A representative for Bavarian Nordic told the paper that the company's concerns were over safety.
As part of a plan to extend the nation’s limited monkeypox vaccine supply, the government said Tuesday it would convert hundreds of thousands of doses of Bavarian Nordic’s Jynneos vaccine into millions of potential shots to protect Americans from MPV.
Representatives from the Infectious Diseases Society of America welcomed the new administration route at a press conference Thursday morning.
However, Dr. Kevin Ard, medical director of the National LGBTQIA+ Health Education Center and director of the Massachusetts General Hospital Sexual Health Clinic, who noted that the focus should also be fighting stigma, warned that proper implementation was necessary. Not only are special needles required, but people also need to be trained.
“There is some groundwork that needs to be laid for this transition to intradermal dosing not just for supplies, but also ensuring everything is in place to comply with the EUA requirements, that we have staff who are trained in giving the vaccine, and so forth,” Ard said.

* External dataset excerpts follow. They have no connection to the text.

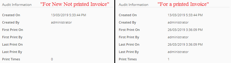 - First Printed By: displays the name of the user who sent the invoice for the first time.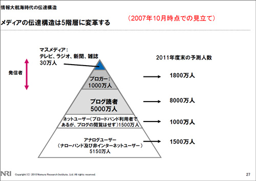 しかし、その後、SNSなどがスタートすることでブロガー1,000万人規模が出現。情報の伝達階層は5階層(マスメディア30万人/ブロガー1,000万人/ブログ読者5,000万人/ネットユーザー1,500万人/アナログユーザー5,150万人)と拡大した。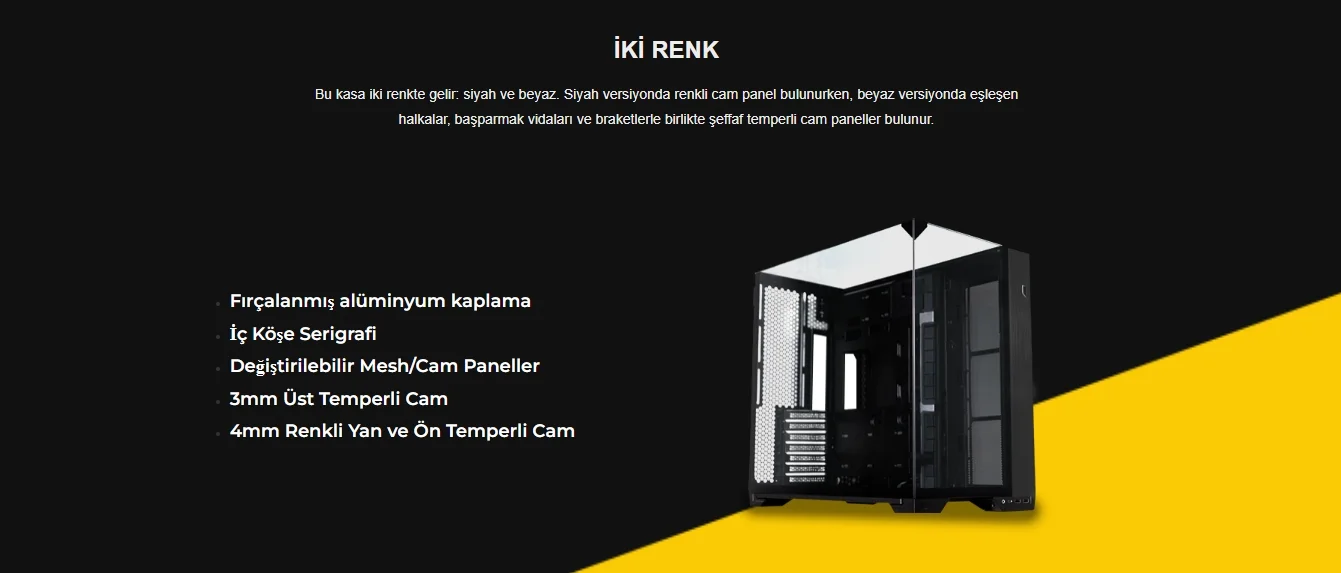 Bu kasa iki renkte gelir: siyah ve beyaz. Siyah versiyonda renkli cam panel bulunurken, beyaz versiyonda eşleşen halkalar, başparmak vidaları ve braketlerle birlikte şeffaf temperli cam paneller bulunur.- Fırçalanmış alüminyum kaplama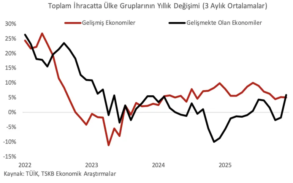 Bu dönemde ihracatta ana pazarların genelinde yıllık bazda artış gerçekleşti. AB ülkelerine yapılan ihracat, Aralık'ta euro/dolar paritesinin de desteğiyle yıllık bazda %8,3 yükselirken, AB dışındaki diğer Avrupa ülkelerine yapılan ihracat da %8,4 genişledi. Yakın ve Orta Doğu, diğer Asya ülkeleri ve Kuzey Afrika'ya yapılan ihracat sırasıyla %14,3, %24,0 ve %7,0 artış gösterdi. ABD tarafından Türkiye'ye uygulanan gümrük vergilerinin ortalamada efektif tarife oranlarının üzerinde kalmasına rağmen Kuzey Amerika'ya yapılan ihracatta da %4,9 genişleme görüldü. Görece küçük diğer pazarların genelinde de pozitif bir tablo vardı. Bu sonuçlarla gelişmiş ekonomilerin toplamına yapılan ihracat yıllık bazda %8,2, gelişmekte olan ekonomilerin toplamına yapılan ihracat da %17,8 yükseldi.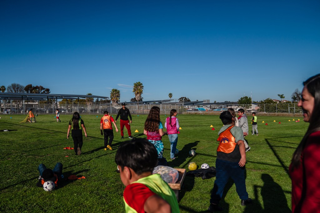Children play soccer after school at Chollas-Mead Elementary School on Feb 19, 2025. / Ariana Drehsler for Voice of San Diego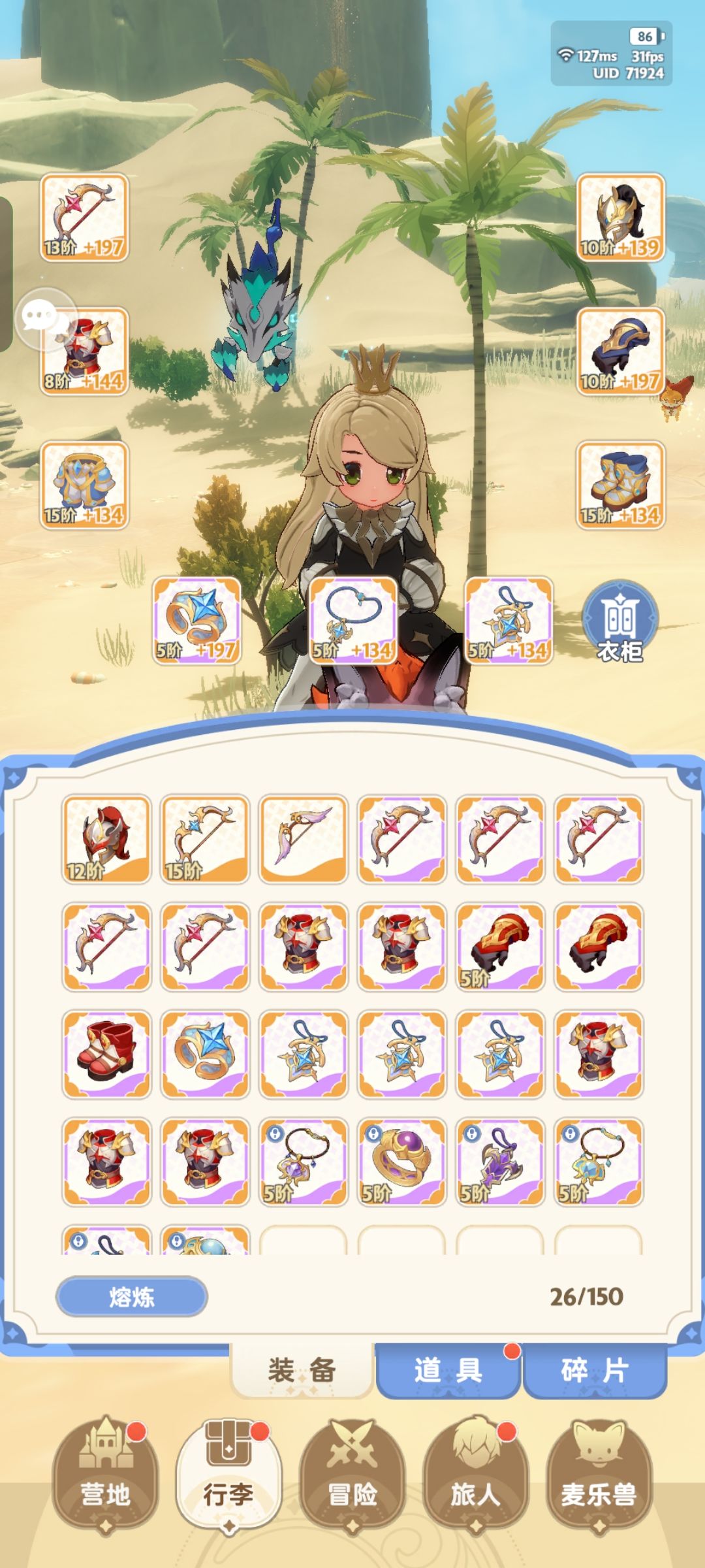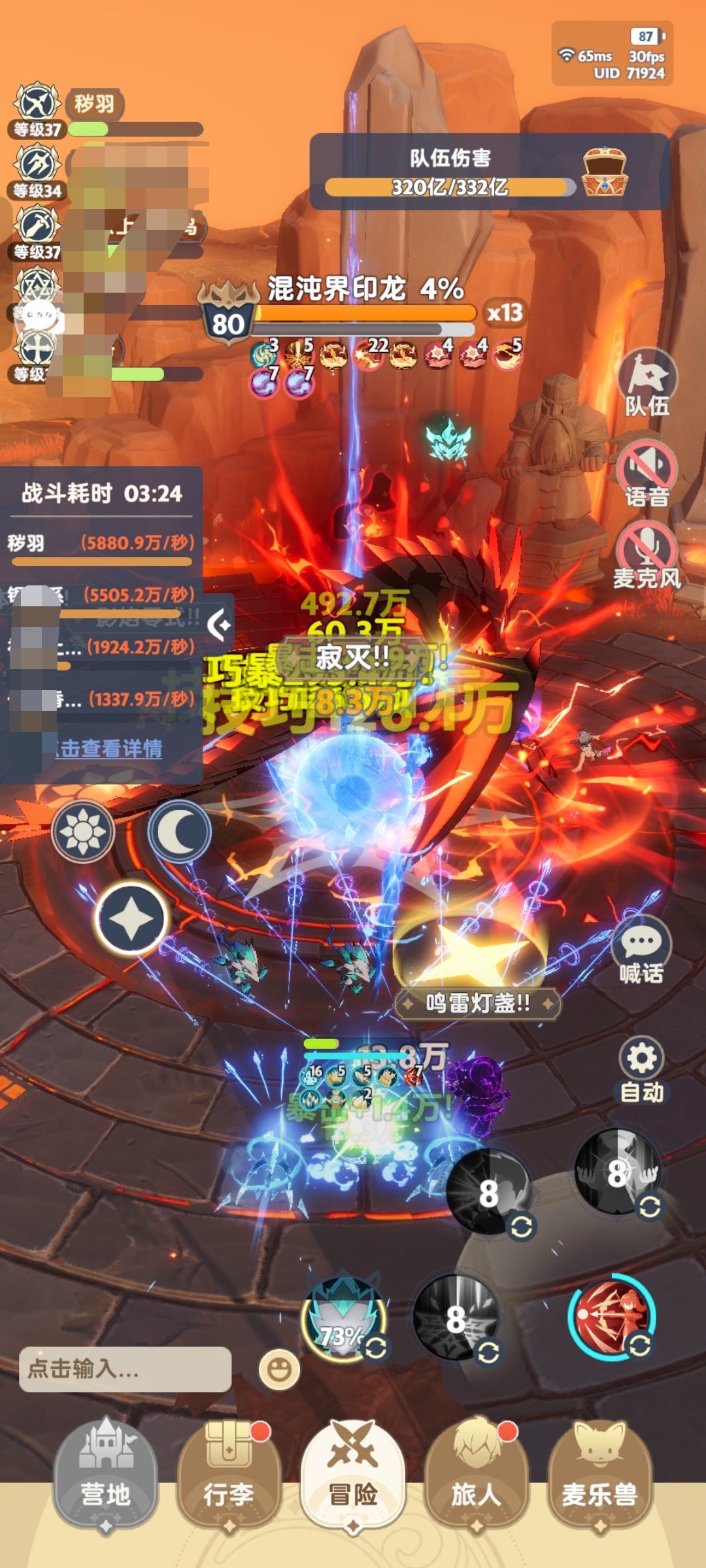 今天最新的面板,打龙8800,史莱姆3.3亿。伤害越来越玄学了,莫名其妙自己就高了,属性也要调控好,暴击和技巧不要堆太高,收益会降低的,如果觉得高了就去换一个爆伤

Most vaccines are delivered subcutaneously, into the fat portion of the skin, or intramuscularly, deeply into the muscles. Intradermal injection involves placing a much finer needle between the top layers of the skin, which causes a small bubble to appear under the skin. This is similar to the PPD test one might recognize from tuberculosis testing.
Above: A person receives an intradermal injection with a fine needle just between skin layers.